-------- Supplied data

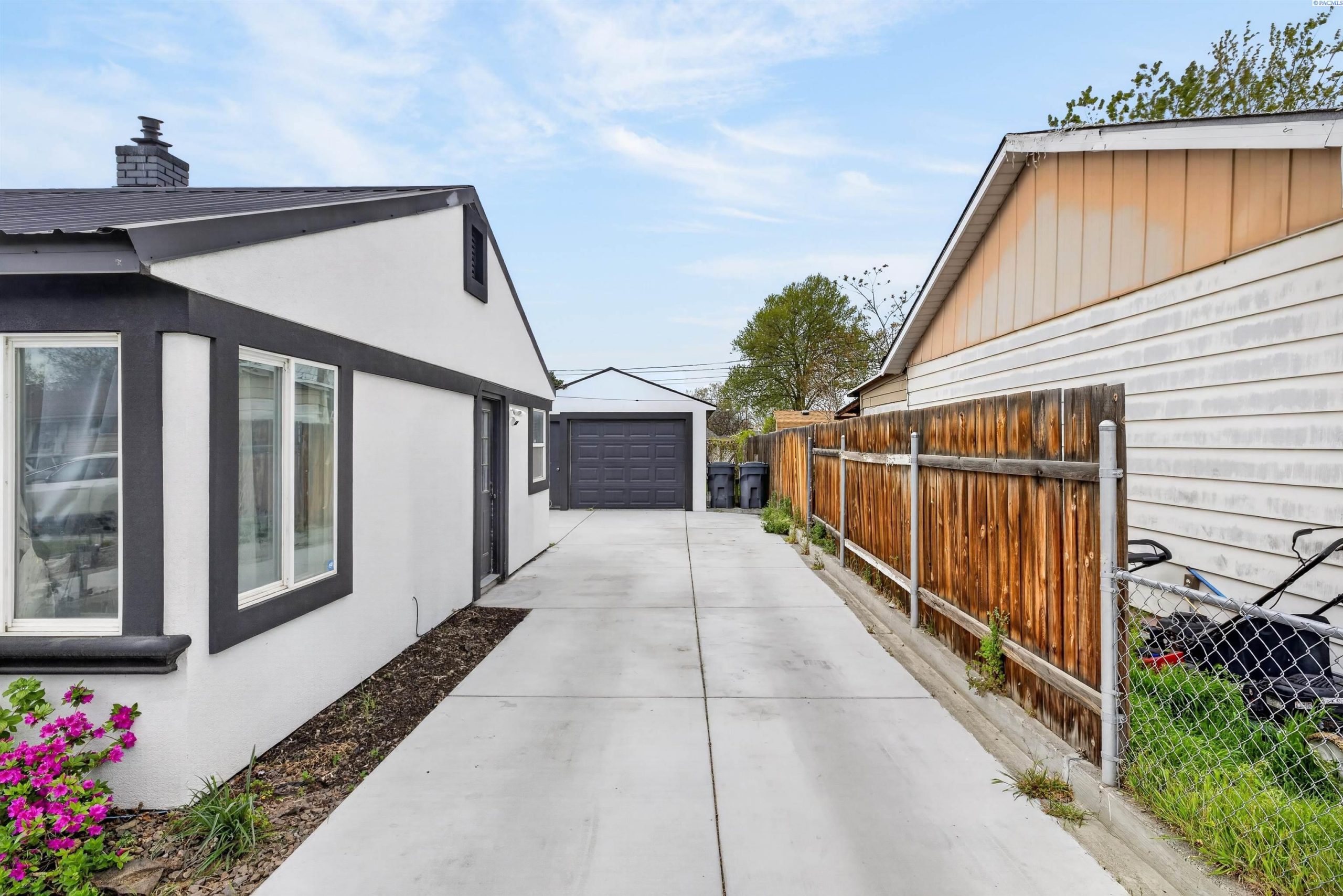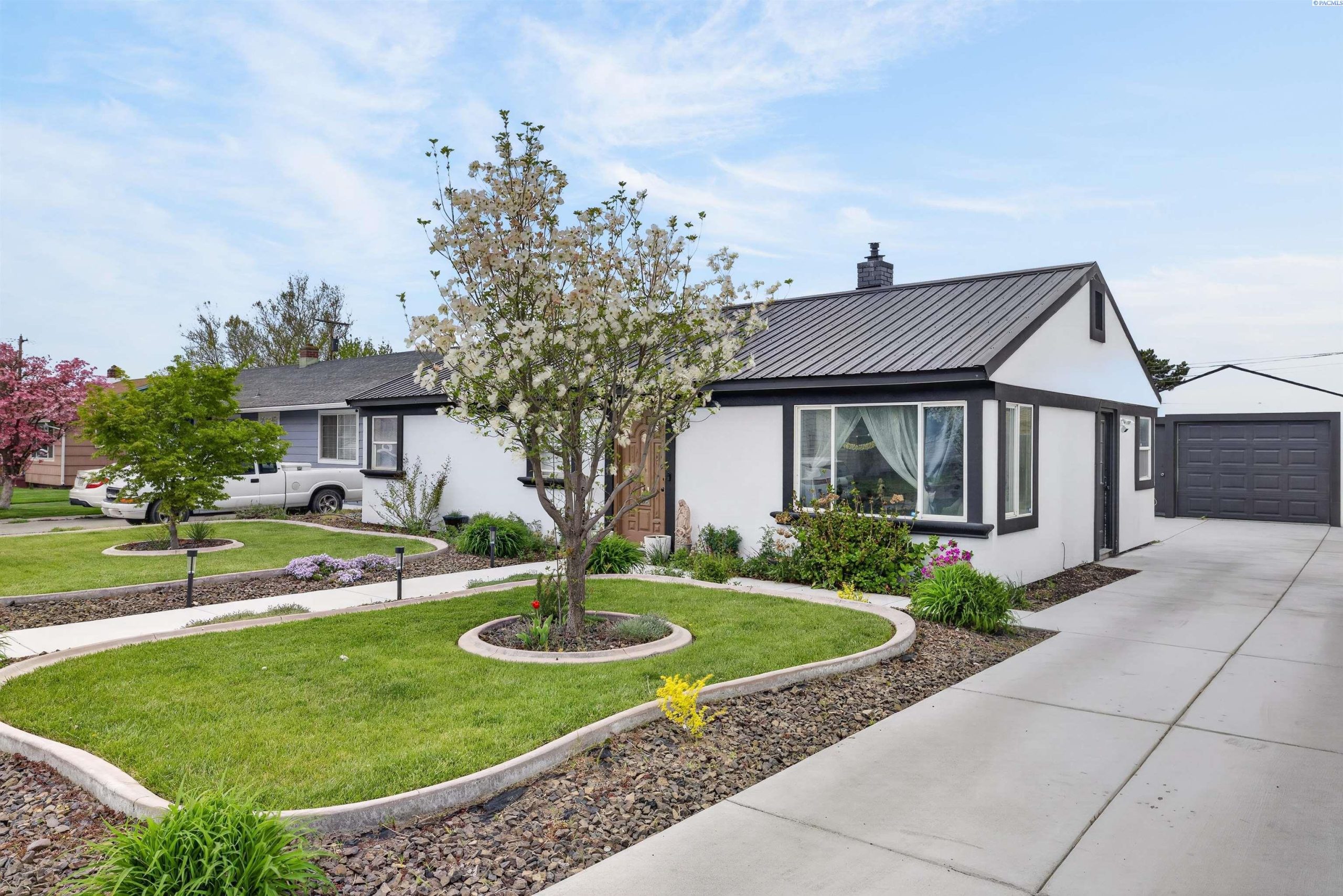 MLS# 292166 Charming single-level home in the heart of Central Pasco! This well-maintained home offers great curb appeal with nicely landscaped grounds, concrete curbing, and a long driveway providing ample parking leading to a detached garage. The exterior features a low-maintenance stucco finish and a durable metal roof built for longevity. Inside, you’ll find a bright, neutral interior with unique architectural touches such as decorative wall arches that add character and style. The updated kitchen includes granite countertops, an elegant backsplash, and a functional layout perfect for everyday living. The updated bathroom features a tiled shower with a wall-mounted rainfall head and quartz countertops. Step outside to enjoy the covered patio with a gazebo-style roof that’s ideal for outdoor entertaining or relaxing. The fully fenced backyard is complemented by timed underground sprinklers on city water for easy upkeep. Conveniently located near schools, parks, and with quick access to the highway, making commuting and daily errands a breeze.
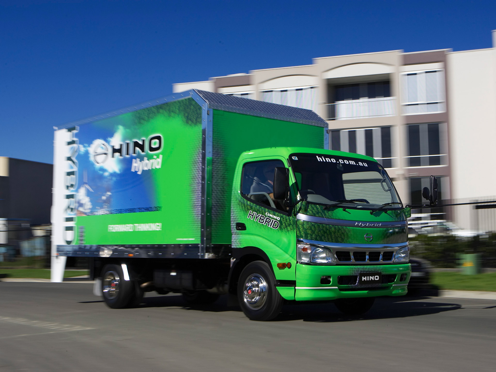 Скачать обои для рабочего стола Hino Dutro Hybrid дорога и фото
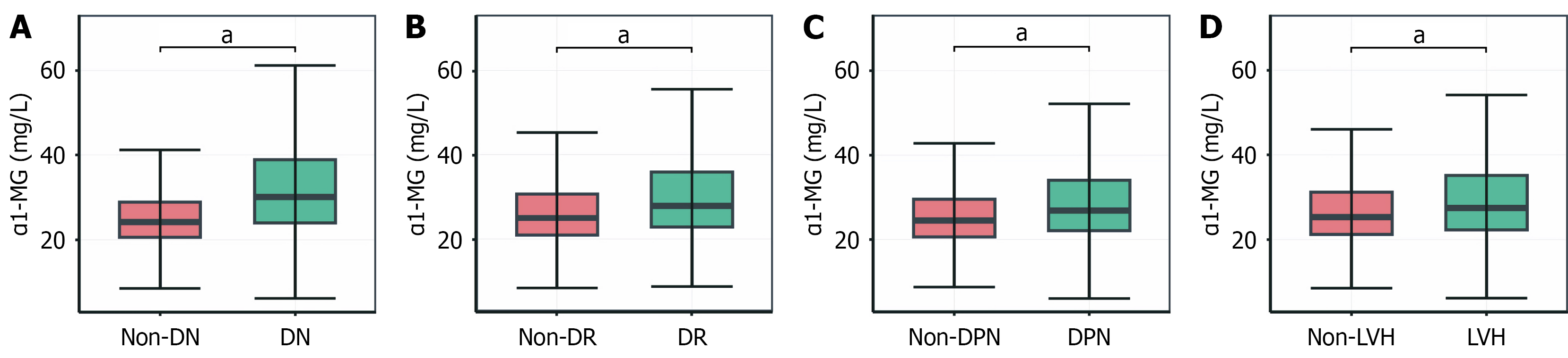 A: With and without diabetic nephropathy; B: With and without diabetic retinopathy; C: With and without diabetic peripheral neuropathy; D: With and without left ventricular hypertrophy. aP < 0.001. DN: Diabetic nephropathy; DR: Diabetic retinopathy; DPN: Diabetic peripheral neuropathy; LVH: Left ventricular hypertrophy; α1-MG: Alpha-1-microglobulin.
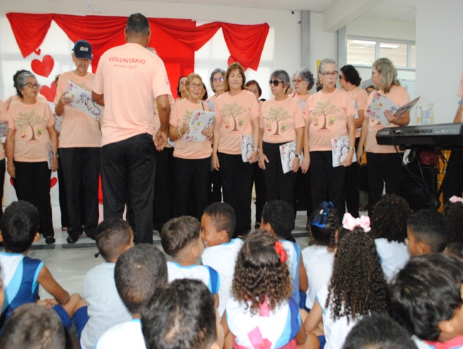 Na manhã desta sexta-feira (26), o Coral Avosos se apresentou na Escola Municipal de Educação Infantil Tia Ruth, situada no Bairro Santa Maria, zona sul de Aracaju. Os voluntários cantaram músicas para as crianças, profissionais e responsáveis.
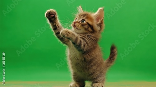 Adorable brown tabby kitten stands on hind legs with paws raised against a green backdrop
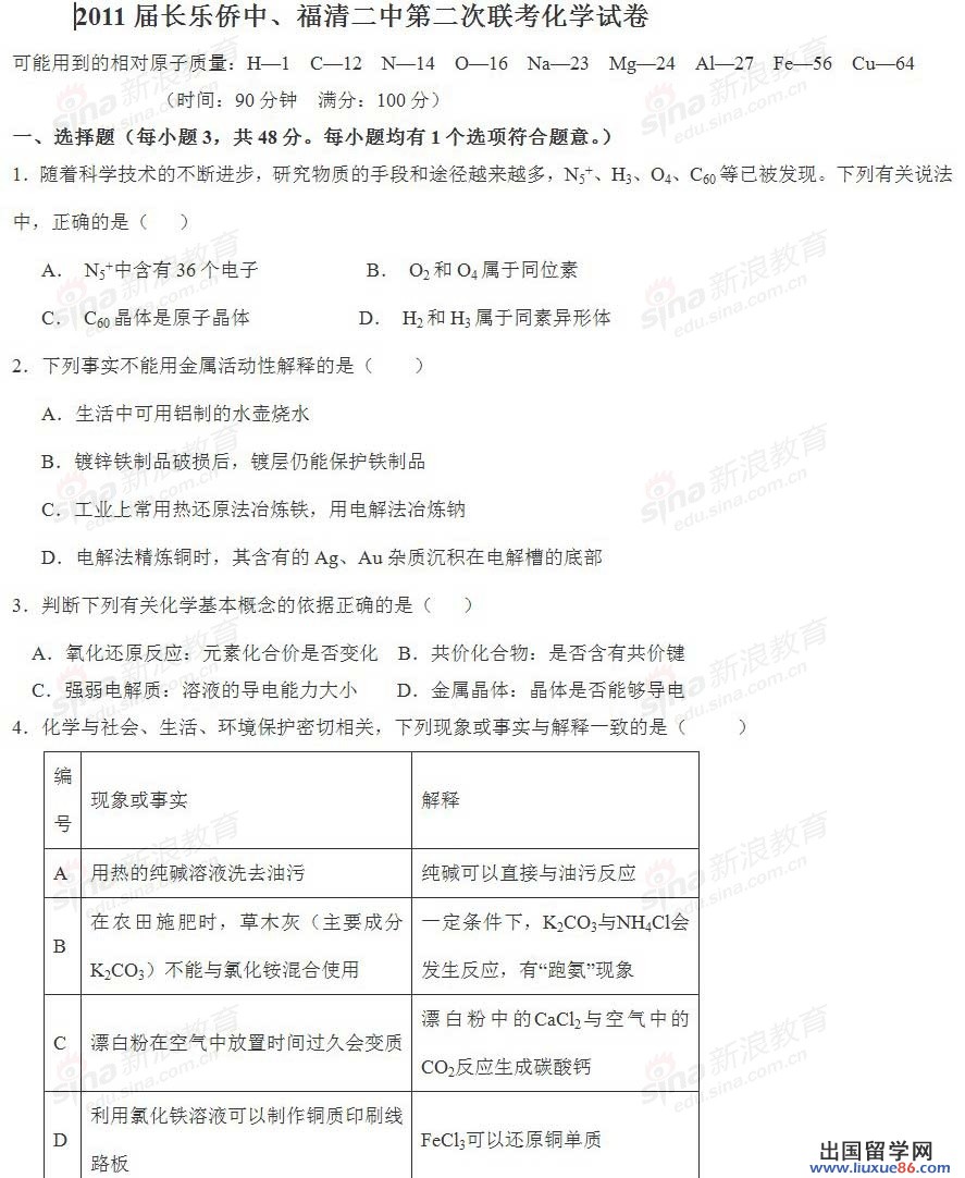| 福建高考语文试题 | 福建高考数学试题 | 福建高考开云(中国)试题 | 福建高考理综试题 | 福建高考文综试题 |
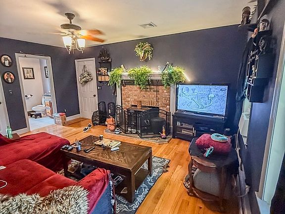 Brick wood burning fireplaceComposite deckGleaming hardwood floors
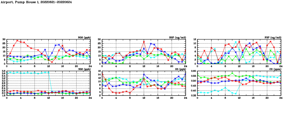| Air Quality Data Time Series in Airport, Pump House 1 (2022/06/24) | ( Line colors: Day -3 Day -2 Day -1 Current day ) | 2D Map Current AQHI |
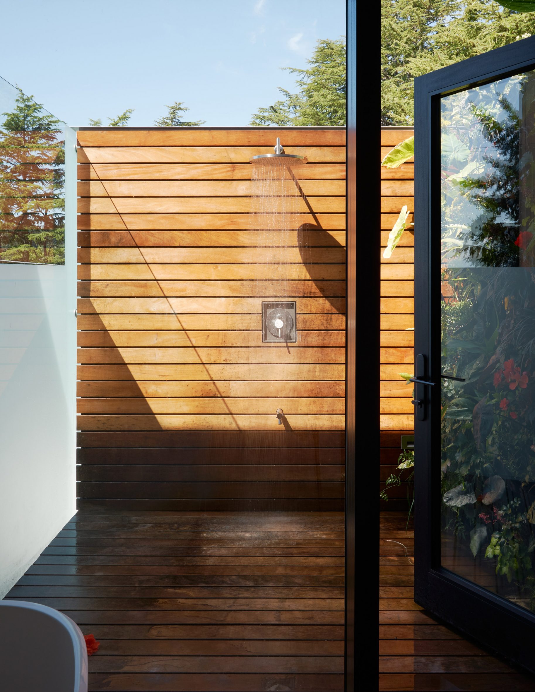 Most of the front yard is positioned behind a privacy fence. The parts of the house that are visible to the street are opaque, which makes sure there is privacy and reinforces the notion of the home being an oasis. On the upper level, a glazed box holds an outdoor shower and in lowest part of the home – which opens out toward the beach – you’ll find a media room, bar, wine cellar, yoga studio sauna and bathroom. This level also offers storage for paddle boards and a fire pit.

----------------

▶ _Your instructions_: Write out exactly the lines from the one containing "Adorable brown tabby" through the last line of the records above, both ends included, and leave out any pictures.

▶ _Answer to the problem_:
 Adorable brown tabby kitten stands on hind legs with paws raised against a green backdrop
| 福建高考语文试题 | 福建高考数学试题 | 福建高考开云(中国)试题 | 福建高考理综试题 | 福建高考文综试题 |
 Brick wood burning fireplaceComposite deckGleaming hardwood floors
| Air Quality Data Time Series in Airport, Pump House 1 (2022/06/24) | ( Line colors: Day -3 Day -2 Day -1 Current day ) | 2D Map Current AQHI |
 Most of the front yard is positioned behind a privacy fence. The parts of the house that are visible to the street are opaque, which makes sure there is privacy and reinforces the notion of the home being an oasis. On the upper level, a glazed box holds an outdoor shower and in lowest part of the home – which opens out toward the beach – you’ll find a media room, bar, wine cellar, yoga studio sauna and bathroom. This level also offers storage for paddle boards and a fire pit.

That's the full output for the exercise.